_THE TASK:_
Pull every line holding the string "الإنسان" from the records below.

= = = = = = =

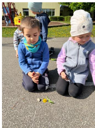
Kevadine matk ja piknik metsa all
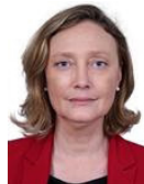
2º Secretária Maria do Rosário (PT-RS)
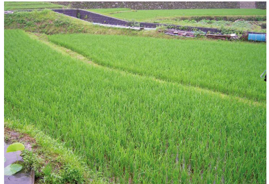
2007.7.9 mon 7:59
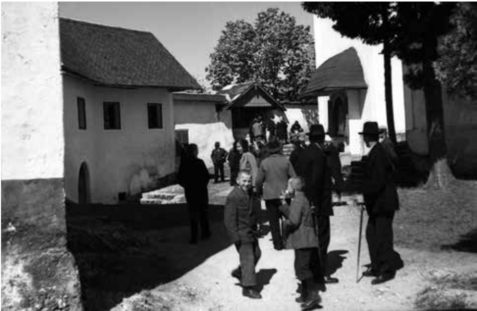
Romarji pred šmarnogorsko cerkvijo leta 1933

Tematsko lahko Nagličevo fotografijo v grobem razdelimo na portretno, krajinsko, arhitekturno in dokumentarno. Veliko večino njegovih posnetkov lahko uvrstimo v dokumentarno fotografijo, s katero je beležil tako vsakdanje kot tudi slovesne dogodke v ožji in širši okolici. Fotografiral je šege letnega in življenjskega kroga v svoji okolici, društveno in družabno življenje, domačo ščetarsko obrt in gradbene posege, povezane z njo, zabeležil je obdobje prve svetovne vojne, ki jo je preživel na Ljubljanskem gradu. Velik del Nagličeve dokumentarne fotografije pa lahko posredno ali neposredno povežemo z verskim življenjem in krščansko tematiko; v mislih imamo predvsem številna romanja, od bližnjih krajev pa vse do Jeruzalema, razne cerkvene slovesnosti in kongrese, blagoslove, pogrebe cerkvenih dostojanstvenikov in še bi lahko naštevali.
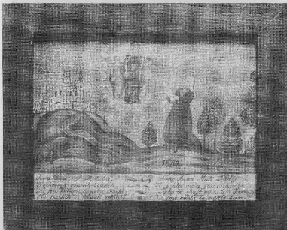
Votivna podoba z letnico 1850, Mati z dojenčkom se zahvaljuje Materi božji
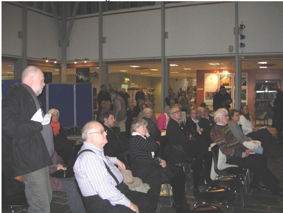
Åhörarna till föredragen börjar samlas.
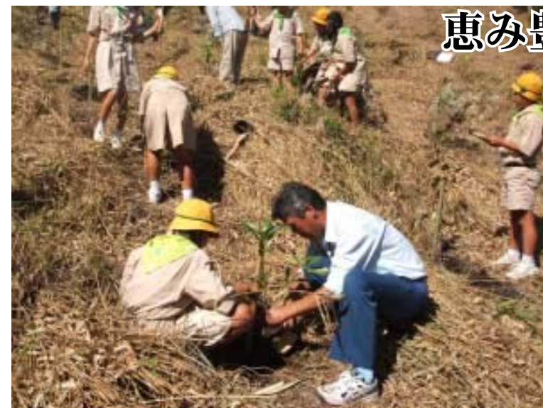
▲恵み豊かな森林を願い植樹する参加者

10月16日、平成17年度始良地区植樹祭が緑の回廊、轟木の滝公園（牧園町）で開催されました。式典では、始良地区の森林・林業功労者への表彰の後、「間伐等の森林整備を推進し、恵み豊かな森林づくりを進め、地球温暖化防止に貢献しよう」をはじめとした植樹祭スローガンが宣言されました。また、参加者全員により「イ
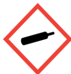
Gas cylinder Gases under pressure
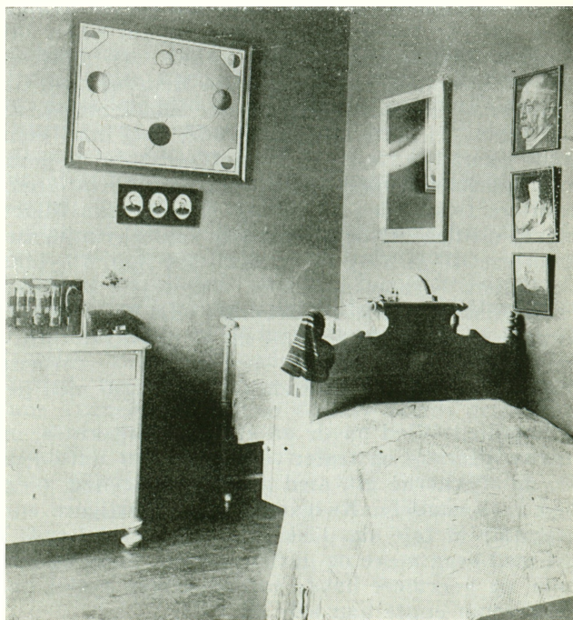
Ydmygt pigekammer med barske husguder.

Mindelunden blev ikke berørt og findes endnu. Det er en firkantet plads hegnet af en høj bøgehæk, en ligeledes hækindrammet sti fører derind. I hækkene er indfældet godt meterhøje steler eller mindestøtter støbt i cement, ialt 28, på een nær alle forsynet med navne, ialt 35. Dels en række personer fra litteraturens og teatrets verden, dels navne, der tilhører privatlivet, endelig er der et par stykker, hvor satyren har været på spil. Og godt det samme, for så smuk en tanke, der ligger bag mindelunden, må den til sidst have været som en mare for sin
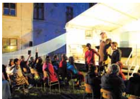
Festival Skatastrofa měl bohatý doprovodný program
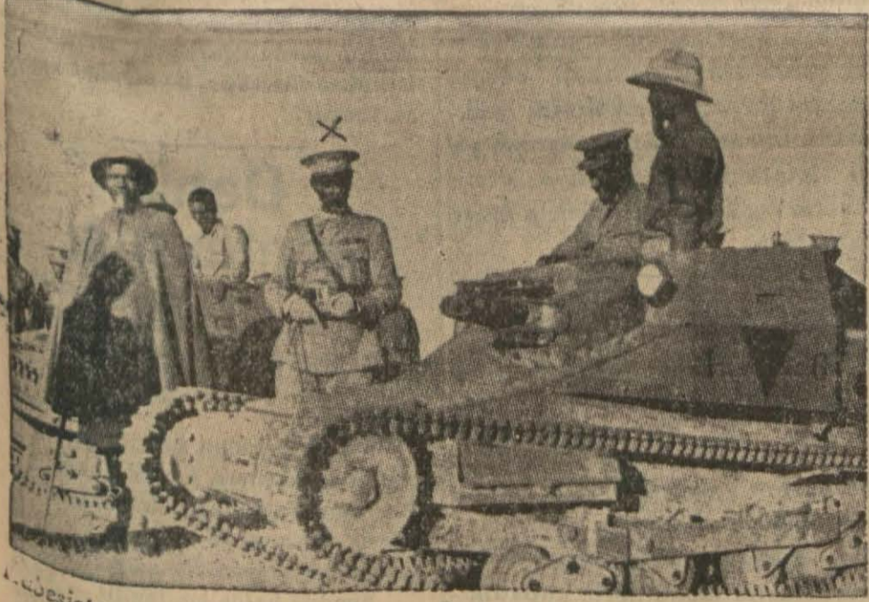
Böğistanın cenup ordusu kumandanlarından General Nasibu İtalyanlardan iğtinam edilmiş tanklar yanında... (Yazısı 4 üncüde)
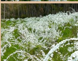
科名：バラ科 場所：園内各所
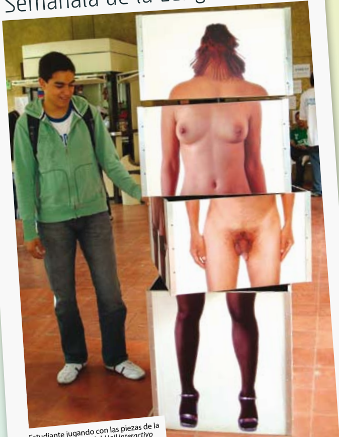
Estudiante jugando con las piezas de la instalación Corpux del Hall Interactivo DiversOS, montaje que estuvo del 20 al 24 de abril en el Hall Principal.
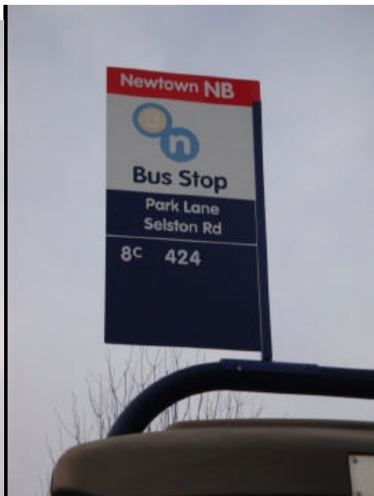
Placas de pontos de ônibus que indicam a conectividade entre a rua de Geezer e a de Tony
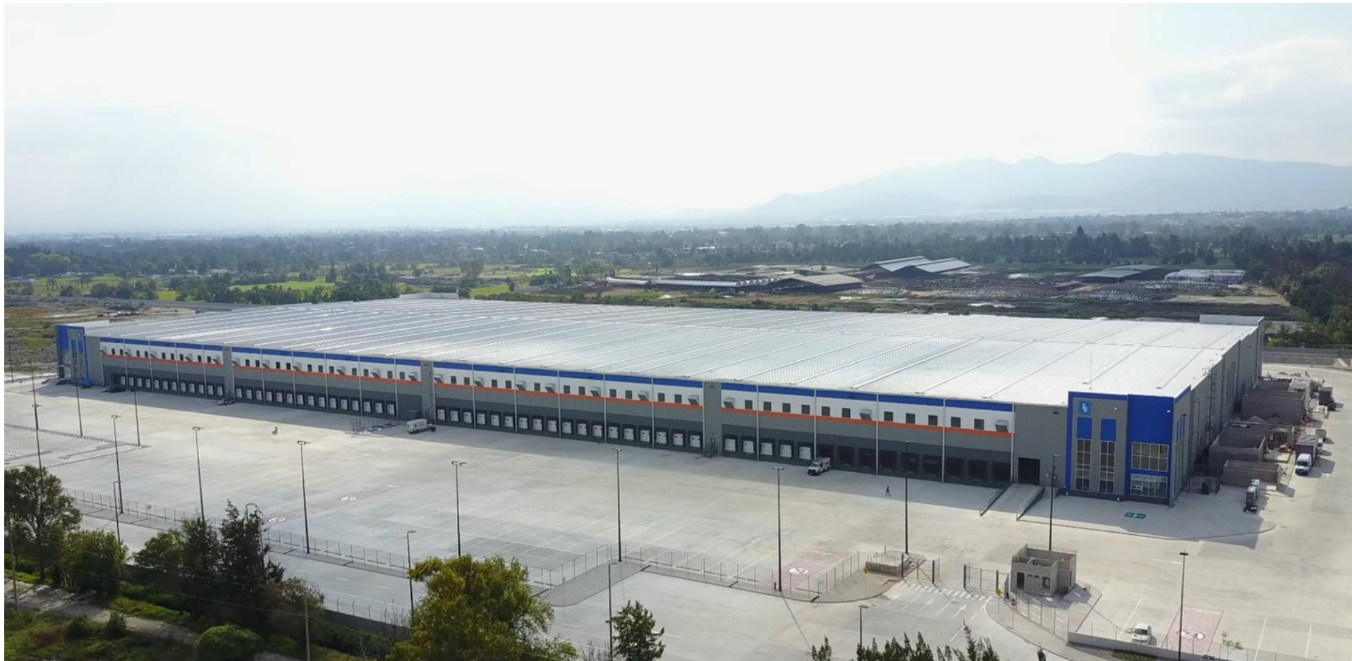
Danhos Industrial Palomas Nave I
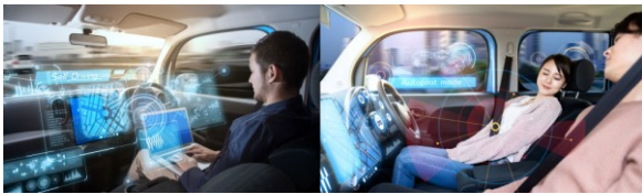
図-1 調査票に掲載した SAV 内の乗客の様子
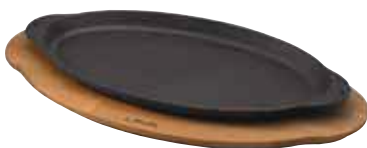
Piatto pesce con supporto legno Fish plate with wooden platter Fischplatte mit Holzbrett Plat à poisson avec planche bois Fuente pescado con tabla madera
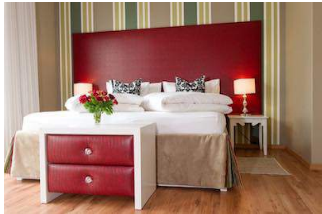
Zimmerbeispiel im Namib Guesthouse
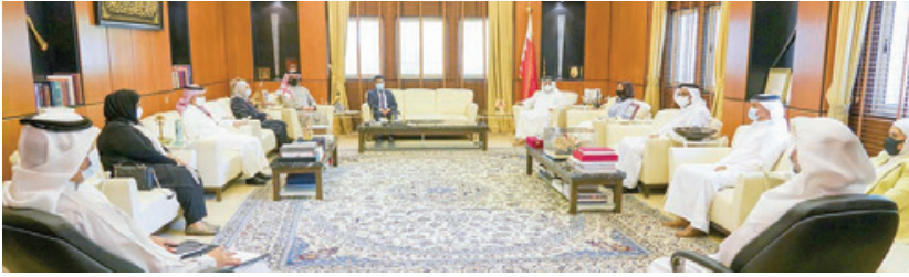
○ وزير الديوان الملكي خلال لقائه مجلس مفوضي مؤسسة حقوق الإنسان.

بتكليف من حضرة صاحب الجلالة الملك حمد بن عيسى آل خليفة ملك مملكة البحرين القديس استقبل الشيخ خالد بن أحمد آل خليفة وزير الديوان الملكي رئيس المؤسسة الوطنية لحقوق الإنسان وأعضاء مجلس المفوضين بالمؤسسة وذلك بمناسبة صدور الأمر الملكي رقم (٢٢) لسنة ٢٠٢١ بتعيين أعضاء مجلس المفوضين بالمؤسسة الوطنية لحقوق الإنسان.
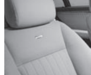
Sitz im V12-Pfeifen-Design

Media Interface: universelle Schnittstelle im Handschuhfach inkl. Kabel (für iPod, USB und Aux) für diverse mobile Audio-Geräte
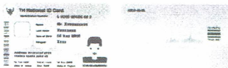
(ตัวอย่างบัตร)
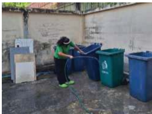
การล้างทำความสะอาดถังรองรับมูลฝอย
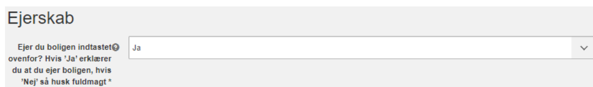
Figur 8 – Ejerskab (a)

Du skal vælge om du bygningsejer, søger med en fuldmagt eller bygningsejer, men ikke er tinglyst.
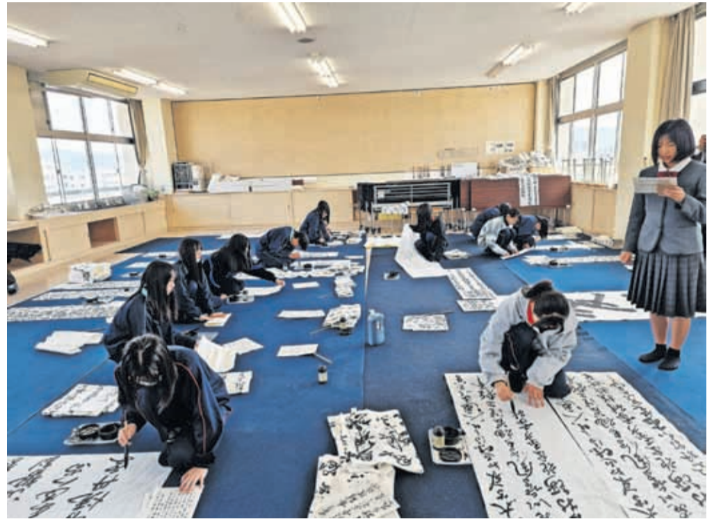
Župan je z delegacijo obiskal tudi šole, s katerimi si dopisujejo kranjski učenci. Japonsčina ima več tisoč pismenk, v osnovni šoli se jih naučijo tisoč.

»Navdušen sem nad sprejemom v Fukuiju – o Kranju se je govorilo na vsakem koraku – in tem, koliko šolarji, profesorji in gospodarstveniki vedo o Kranju. Podrobneje smo spoznali njihova področja delovanja, eni druge seznanili s primeri dobrih praks in odprli številna vprašanja, na katerih bomo gradili sodelovanje v prihodnje. Delegacijo iz Fukuija prič-
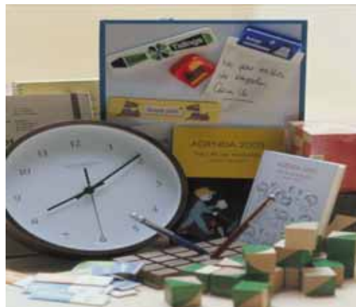
graphia グラフィア(雑貨・ステーショナリー)
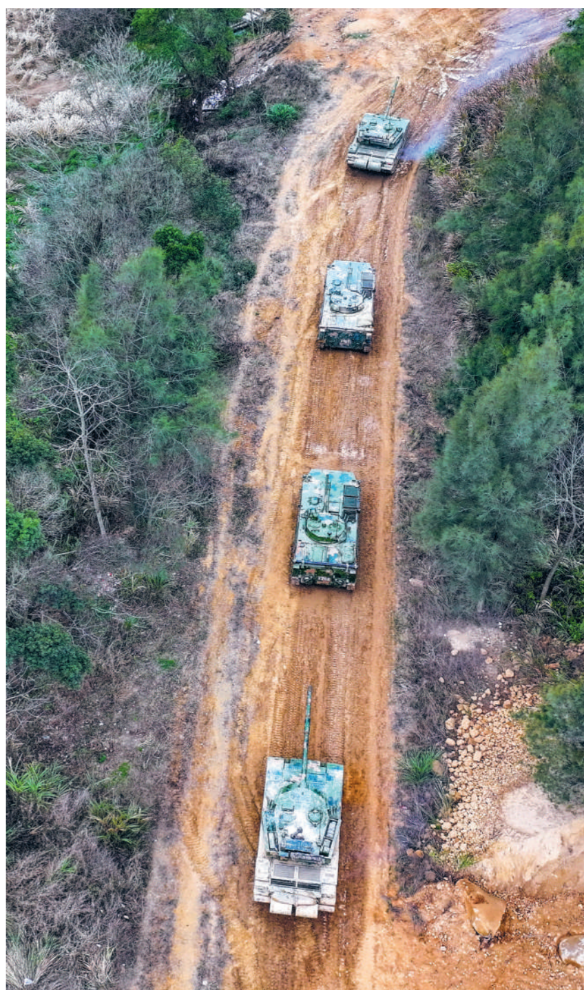
近日,陆军某旅装甲分队开展驾驶训练。

一件事的韧劲,甘做铺路工作,甘抓未成之事。坚持从实际出发、按规律办事,不驰于空想、不骛于虚声,一步一个脚印坚定朝前走,一个阶段一个阶段扎实推进,以真抓实干真出业绩、出真业绩。保持历史耐心和战略定力,坚持积小胜为大胜,既着眼未来谋划长远,又结合实际干在当下,多想事业少想自己,多担重任少些推诿,在显功与潜功的辩证统一中努力创造经得起实践、人民、历史检验的实绩。
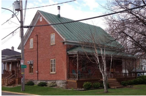
1940-1944 rue Edmond-Guillet, Marieville
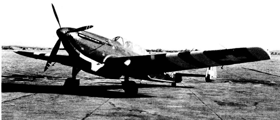
1942 - C-36 - Aereo biposto da caccia, d'intervento al suolo, e di osservazione.

terreno d'atterraggio nel limite geografico permesso dal loro stato o dalla riserva di carburante. Questo nuovo aspetto della guerra aerea ai nostri confini non liberò l'aviazione militare elvetica dal suo compito di fare rispettare la neutralità e nell'ademperlo essa costrinse all'atterraggio sui campi predisposti a tale scopo, 251 aerei, con l'arresto e l'internamento di 1618 uomini dell'equipaggio. Durante il conflitto ci fu anche un avvenimento abbastanza grave da fare temere un intervento armato da parte della Germania e ordinato dallo stesso Hitler, avvenimento che anche se fu indipendente di una qualsiasi azione della nostra aviazione militare ne coinvolse però la sua organizzazione. Il 29 aprile 1944 atterrava a Dübendorf, senza esservi costretto, un prototipo d'aereo destinato a potenziare la caccia notturna tedesca, in grave difficoltà contro i sempre più micidiali attacchi notturni dei bombardieri della R.A.F. (le due aviazioni alleate si erano ripartiti i compiti: di giorno operavano le «fortezze volanti» U.S.A. men-
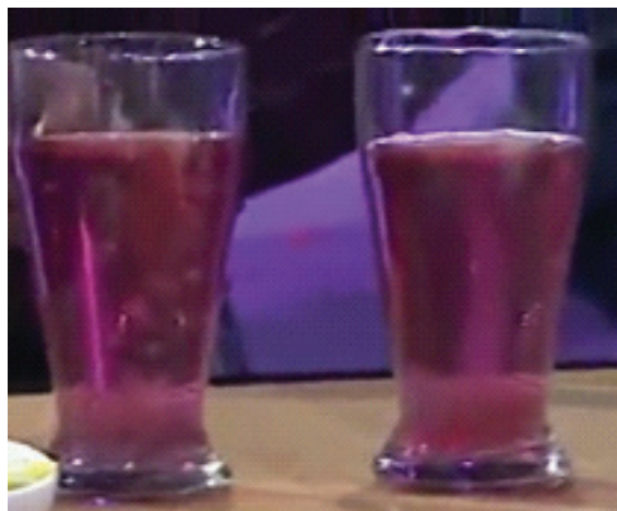
Gambar 4. Es air mata pengantin Riau
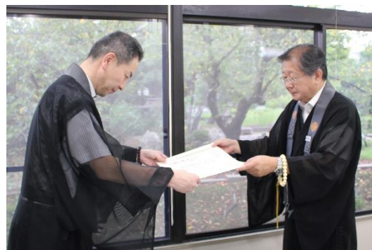
御仏供米進納感謝状受取の様子

合計90キログラムの御仏供米については、11月21日～28日まで厳修される御正忌報恩講に用いられます。御仏供米進納にあたり、ご協力いただいた皆様ありがとうございました。
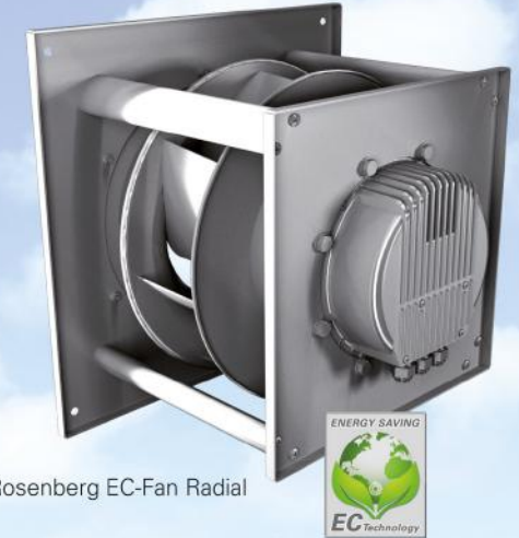
Figure 4: Rosenberg EC-Fan Radial

= = = = = = =

_EXERCISE RESPONSE:_
○ وزير الديوان الملكي خلال لقائه مجلس مفوضي مؤسسة حقوق الإنسان.
بتكليف من حضرة صاحب الجلالة الملك حمد بن عيسى آل خليفة ملك مملكة البحرين القديس استقبل الشيخ خالد بن أحمد آل خليفة وزير الديوان الملكي رئيس المؤسسة الوطنية لحقوق الإنسان وأعضاء مجلس المفوضين بالمؤسسة وذلك بمناسبة صدور الأمر الملكي رقم (٢٢) لسنة ٢٠٢١ بتعيين أعضاء مجلس المفوضين بالمؤسسة الوطنية لحقوق الإنسان.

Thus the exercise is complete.